In other news, Amanda on Facebook asked: "At what point does society decide we've collectively stored enough information about ourselves? We worry about losing any scrap of information, but, how much information has been lost to the sands of time already? Will what we save now really matter? Would it have helped us to know how many times a day Beethoven picked his nose or how he drank his tea?"

And my light-induced reply:

"Our storage habits are cheap right now; if they became more expensive they'd slow down. Yes; we're building a gigantic data Ozymandias -- but! Marketers take the information and use it to sell stuff. Google and FB make the storage cheap because they've tricked us into becoming data miners for our friends and family.

So sure: if you pick your nose at the same rate and in the same style as Beethoven, then Have I Got A Deal For You!

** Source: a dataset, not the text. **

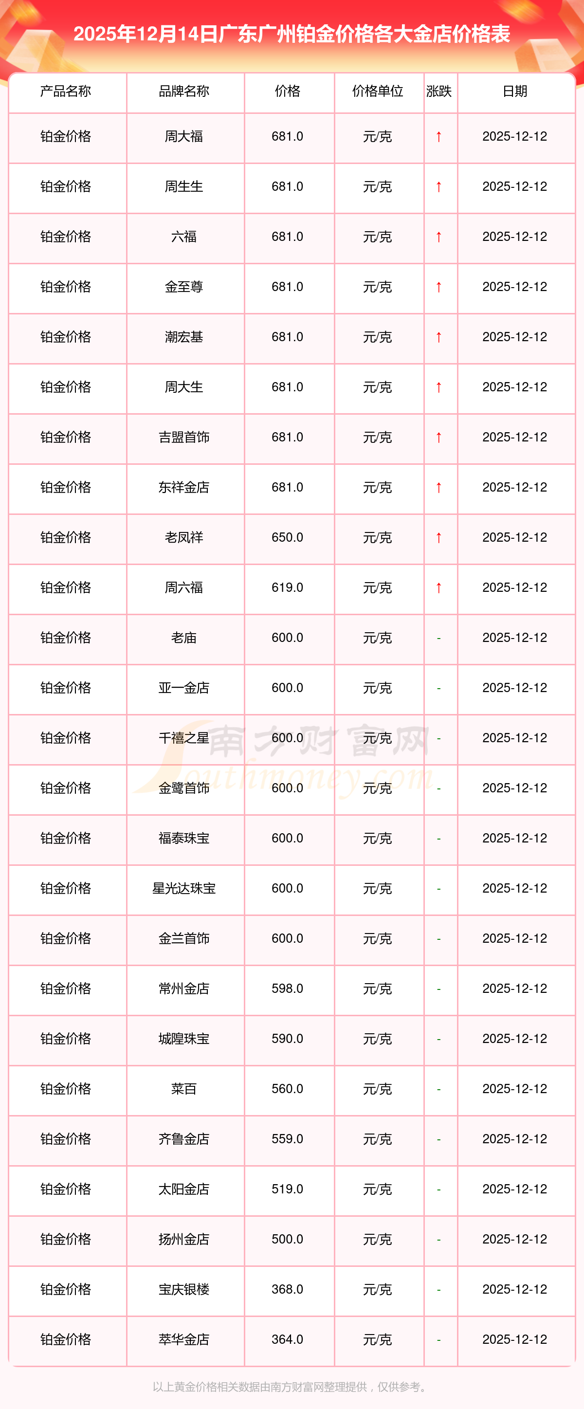 2025年12月14日广东广州各金店铂金价格最新一览表

And if you drink Lipton black tea an double strength, steeped for 5 minutes in boiling water, then may I suggest this Sri Lankan Assam tea pack and electric kettle? And we all know that the tea-drinking constituency is an important voting bloc.

Now add to that how Picasa and Google Pics can help you use facial recognition software to help you "organize" your pictures and we've all got a little virtual piece of the Panopticon right in our living rooms, dens, offices, and bedrooms.

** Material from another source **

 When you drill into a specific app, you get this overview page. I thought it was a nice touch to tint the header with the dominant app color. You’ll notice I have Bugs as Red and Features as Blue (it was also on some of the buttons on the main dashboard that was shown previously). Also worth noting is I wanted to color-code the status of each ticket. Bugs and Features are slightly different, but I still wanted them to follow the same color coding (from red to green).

So yes, electronic information hoarding is about vanity; it's also about money and power. Er, Yes; I love the freedom of a Net Neutral internet. Why do you ask?

So -- to apply a short essay I read about Wikileaks and how conspiracies manage information -- to stop the endless data collection, we need to make it harder for the conspiracies (Google, FB) to trade information with each other so they are unable to pursue their goal (selling stuff).

The essay posited that Wikileaks does this by forcing the conspiracies to tighten communication between cells in an attempt to control information, thus stifling themselves into ineffectiveness.

I don't know if this leads to a consumer (us) strategy of posting more Cat Videos (and porn) to fill up the networks' bandwidth, or of adapting a strategy of mis-information about ourselves, or of creating fake web surfing applications to use our accounts to surf random sites and make web browser cookies unreliable or what.

But here's where the vanity part of it comes in -- we want our friends and family (and potential readers for those of us who are writers) to be able to find us and see what's up with us. So there is little chance a Bayesian content generator FB app being written or widely adapted soon.

And of course, once Google and FB no longer can use our accounts to build marketable profiles of our consumer and voting habits, there goes "I can haz free InterNets Now."

Wednesday, December 01, 2010

Thanksgiving 2010

I've been really busy. I keep meaning to post. Thanksgiving was fun. We decorated my folk's Christmas tree Very Early. We caught a rotovirus.